= Listed entries =

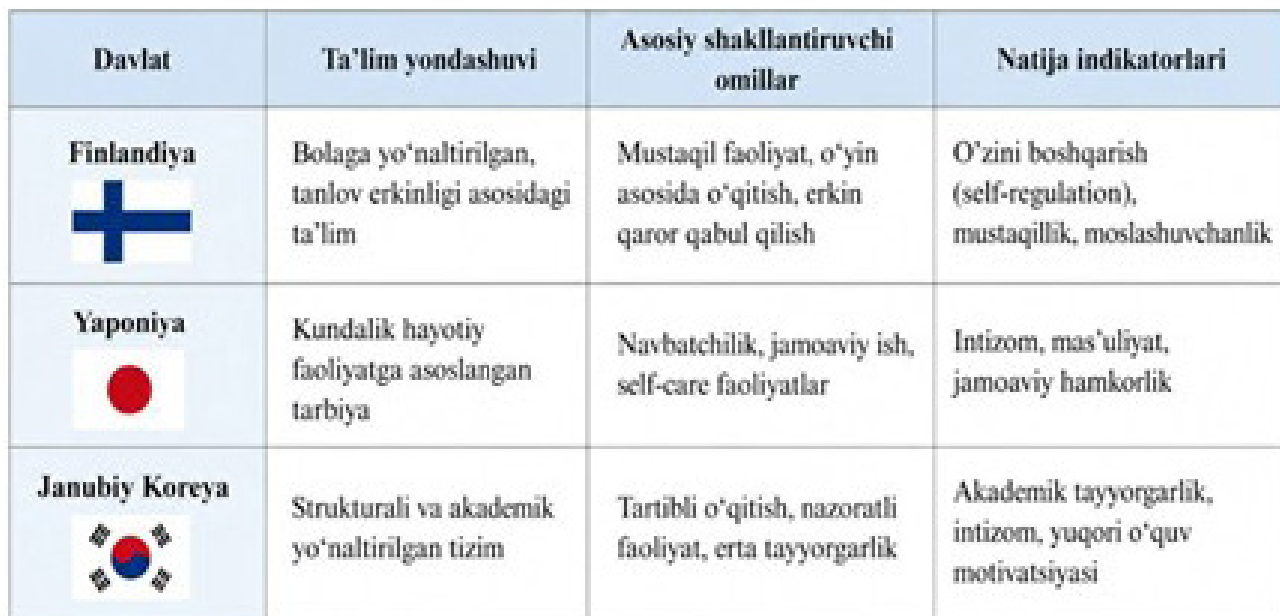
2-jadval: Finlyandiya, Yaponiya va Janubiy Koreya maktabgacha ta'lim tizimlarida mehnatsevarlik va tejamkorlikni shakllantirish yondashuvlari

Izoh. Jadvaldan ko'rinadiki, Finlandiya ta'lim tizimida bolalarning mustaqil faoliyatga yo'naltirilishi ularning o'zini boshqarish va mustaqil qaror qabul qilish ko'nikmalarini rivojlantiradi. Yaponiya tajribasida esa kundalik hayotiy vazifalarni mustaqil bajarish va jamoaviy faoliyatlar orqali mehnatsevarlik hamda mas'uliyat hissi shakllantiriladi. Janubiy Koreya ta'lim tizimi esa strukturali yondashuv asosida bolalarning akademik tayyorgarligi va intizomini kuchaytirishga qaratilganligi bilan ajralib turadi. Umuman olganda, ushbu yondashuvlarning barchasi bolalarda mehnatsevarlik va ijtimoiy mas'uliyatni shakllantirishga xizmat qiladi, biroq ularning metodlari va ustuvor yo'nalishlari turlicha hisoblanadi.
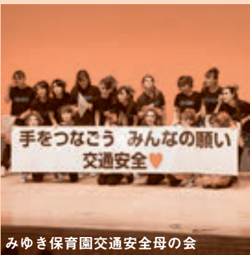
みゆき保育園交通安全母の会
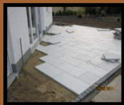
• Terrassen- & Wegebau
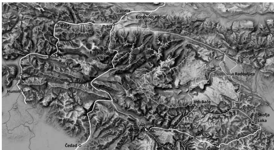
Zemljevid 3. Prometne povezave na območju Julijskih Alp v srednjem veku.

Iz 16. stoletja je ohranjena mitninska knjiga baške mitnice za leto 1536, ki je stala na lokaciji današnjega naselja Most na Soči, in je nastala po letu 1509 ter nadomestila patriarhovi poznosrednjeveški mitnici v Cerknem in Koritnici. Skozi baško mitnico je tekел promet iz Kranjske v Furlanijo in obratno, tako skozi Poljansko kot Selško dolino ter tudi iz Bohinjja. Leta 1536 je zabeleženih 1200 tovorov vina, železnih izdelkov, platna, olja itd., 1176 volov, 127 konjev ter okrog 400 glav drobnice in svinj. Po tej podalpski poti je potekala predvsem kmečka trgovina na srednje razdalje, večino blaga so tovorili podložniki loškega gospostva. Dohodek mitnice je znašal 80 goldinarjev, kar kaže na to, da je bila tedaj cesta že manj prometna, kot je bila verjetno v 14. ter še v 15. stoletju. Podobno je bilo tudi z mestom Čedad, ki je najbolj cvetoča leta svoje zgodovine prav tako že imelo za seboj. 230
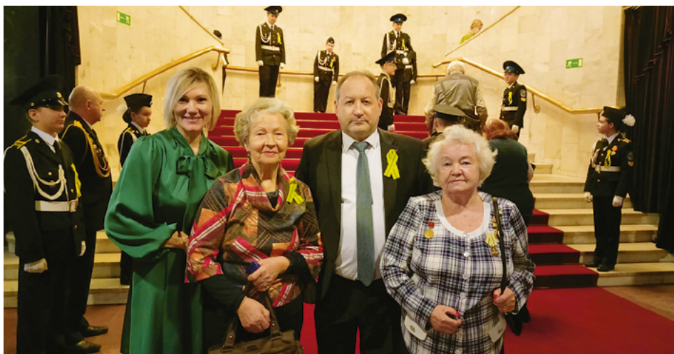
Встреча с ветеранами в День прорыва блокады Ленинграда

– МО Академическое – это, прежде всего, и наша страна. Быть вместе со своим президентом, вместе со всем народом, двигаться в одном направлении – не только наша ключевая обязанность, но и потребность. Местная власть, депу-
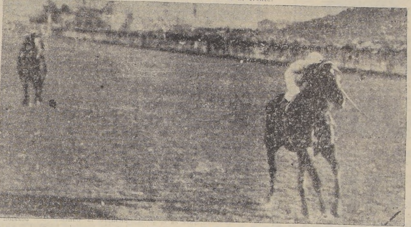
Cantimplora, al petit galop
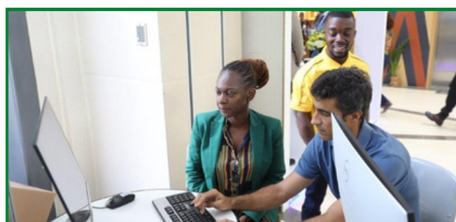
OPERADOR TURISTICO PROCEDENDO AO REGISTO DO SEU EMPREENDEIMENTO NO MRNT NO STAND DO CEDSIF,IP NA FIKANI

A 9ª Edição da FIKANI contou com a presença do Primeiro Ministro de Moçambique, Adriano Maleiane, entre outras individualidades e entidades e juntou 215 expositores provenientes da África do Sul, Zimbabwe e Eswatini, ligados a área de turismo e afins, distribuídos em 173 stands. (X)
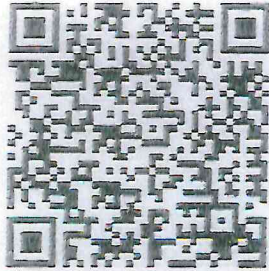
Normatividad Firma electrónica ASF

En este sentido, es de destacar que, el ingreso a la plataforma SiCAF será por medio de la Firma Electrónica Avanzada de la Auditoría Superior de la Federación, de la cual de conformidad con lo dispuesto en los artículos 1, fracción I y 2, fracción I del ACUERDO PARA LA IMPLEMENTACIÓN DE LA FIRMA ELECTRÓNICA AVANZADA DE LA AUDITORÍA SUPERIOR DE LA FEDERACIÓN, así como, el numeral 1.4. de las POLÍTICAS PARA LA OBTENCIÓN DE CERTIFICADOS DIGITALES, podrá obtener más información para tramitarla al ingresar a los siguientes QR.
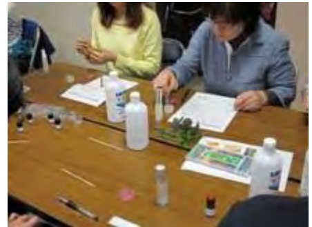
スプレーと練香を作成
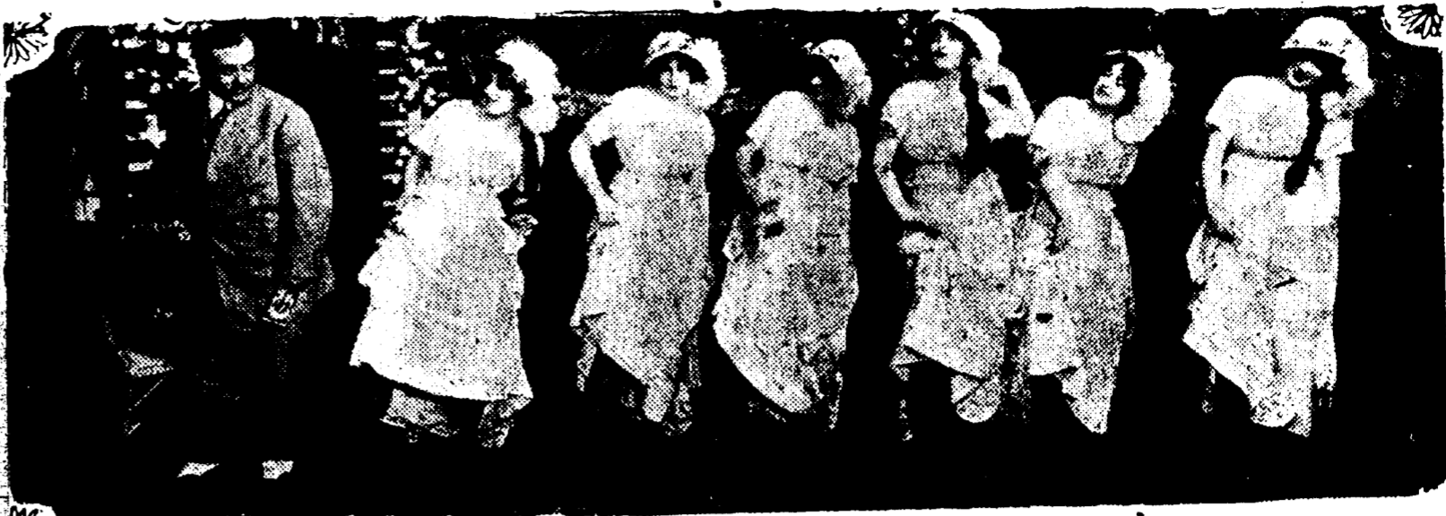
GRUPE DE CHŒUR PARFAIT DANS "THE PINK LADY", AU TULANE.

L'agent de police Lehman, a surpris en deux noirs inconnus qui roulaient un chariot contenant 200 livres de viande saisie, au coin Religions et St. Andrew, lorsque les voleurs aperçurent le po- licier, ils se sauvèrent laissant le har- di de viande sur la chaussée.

= Work order =
The records above should be copied word for word, with the pictures left out.

= Result of the task =
2-jadval: Finlyandiya, Yaponiya va Janubiy Koreya maktabgacha ta'lim tizimlarida mehnatsevarlik va tejamkorlikni shakllantirish yondashuvlari

Izoh. Jadvaldan ko'rinadiki, Finlandiya ta'lim tizimida bolalarning mustaqil faoliyatga yo'naltirilishi ularning o'zini boshqarish va mustaqil qaror qabul qilish ko'nikmalarini rivojlantiradi. Yaponiya tajribasida esa kundalik hayotiy vazifalarni mustaqil bajarish va jamoaviy faoliyatlar orqali mehnatsevarlik hamda mas'uliyat hissi shakllantiriladi. Janubiy Koreya ta'lim tizimi esa strukturali yondashuv asosida bolalarning akademik tayyorgarligi va intizomini kuchaytirishga qaratilganligi bilan ajralib turadi. Umuman olganda, ushbu yondashuvlarning barchasi bolalarda mehnatsevarlik va ijtimoiy mas'uliyatni shakllantirishga xizmat qiladi, biroq ularning metodlari va ustuvor yo'nalishlari turlicha hisoblanadi.
みゆき保育園交通安全母の会
• Terrassen- & Wegebau
Zemljevid 3. Prometne povezave na območju Julijskih Alp v srednjem veku.

Iz 16. stoletja je ohranjena mitninska knjiga baške mitnice za leto 1536, ki je stala na lokaciji današnjega naselja Most na Soči, in je nastala po letu 1509 ter nadomestila patriarhovi poznosrednjeveški mitnici v Cerknem in Koritnici. Skozi baško mitnico je tekел promet iz Kranjske v Furlanijo in obratno, tako skozi Poljansko kot Selško dolino ter tudi iz Bohinjja. Leta 1536 je zabeleženih 1200 tovorov vina, železnih izdelkov, platna, olja itd., 1176 volov, 127 konjev ter okrog 400 glav drobnice in svinj. Po tej podalpski poti je potekala predvsem kmečka trgovina na srednje razdalje, večino blaga so tovorili podložniki loškega gospostva. Dohodek mitnice je znašal 80 goldinarjev, kar kaže na to, da je bila tedaj cesta že manj prometna, kot je bila verjetno v 14. ter še v 15. stoletju. Podobno je bilo tudi z mestom Čedad, ki je najbolj cvetoča leta svoje zgodovine prav tako že imelo za seboj. 230
Встреча с ветеранами в День прорыва блокады Ленинграда

– МО Академическое – это, прежде всего, и наша страна. Быть вместе со своим президентом, вместе со всем народом, двигаться в одном направлении – не только наша ключевая обязанность, но и потребность. Местная власть, депу-
Cantimplora, al petit galop
OPERADOR TURISTICO PROCEDENDO AO REGISTO DO SEU EMPREENDEIMENTO NO MRNT NO STAND DO CEDSIF,IP NA FIKANI

A 9ª Edição da FIKANI contou com a presença do Primeiro Ministro de Moçambique, Adriano Maleiane, entre outras individualidades e entidades e juntou 215 expositores provenientes da África do Sul, Zimbabwe e Eswatini, ligados a área de turismo e afins, distribuídos em 173 stands. (X)
Normatividad Firma electrónica ASF

En este sentido, es de destacar que, el ingreso a la plataforma SiCAF será por medio de la Firma Electrónica Avanzada de la Auditoría Superior de la Federación, de la cual de conformidad con lo dispuesto en los artículos 1, fracción I y 2, fracción I del ACUERDO PARA LA IMPLEMENTACIÓN DE LA FIRMA ELECTRÓNICA AVANZADA DE LA AUDITORÍA SUPERIOR DE LA FEDERACIÓN, así como, el numeral 1.4. de las POLÍTICAS PARA LA OBTENCIÓN DE CERTIFICADOS DIGITALES, podrá obtener más información para tramitarla al ingresar a los siguientes QR.
スプレーと練香を作成
GRUPE DE CHŒUR PARFAIT DANS "THE PINK LADY", AU TULANE.

L'agent de police Lehman, a surpris en deux noirs inconnus qui roulaient un chariot contenant 200 livres de viande saisie, au coin Religions et St. Andrew, lorsque les voleurs aperçurent le po- licier, ils se sauvèrent laissant le har- di de viande sur la chaussée.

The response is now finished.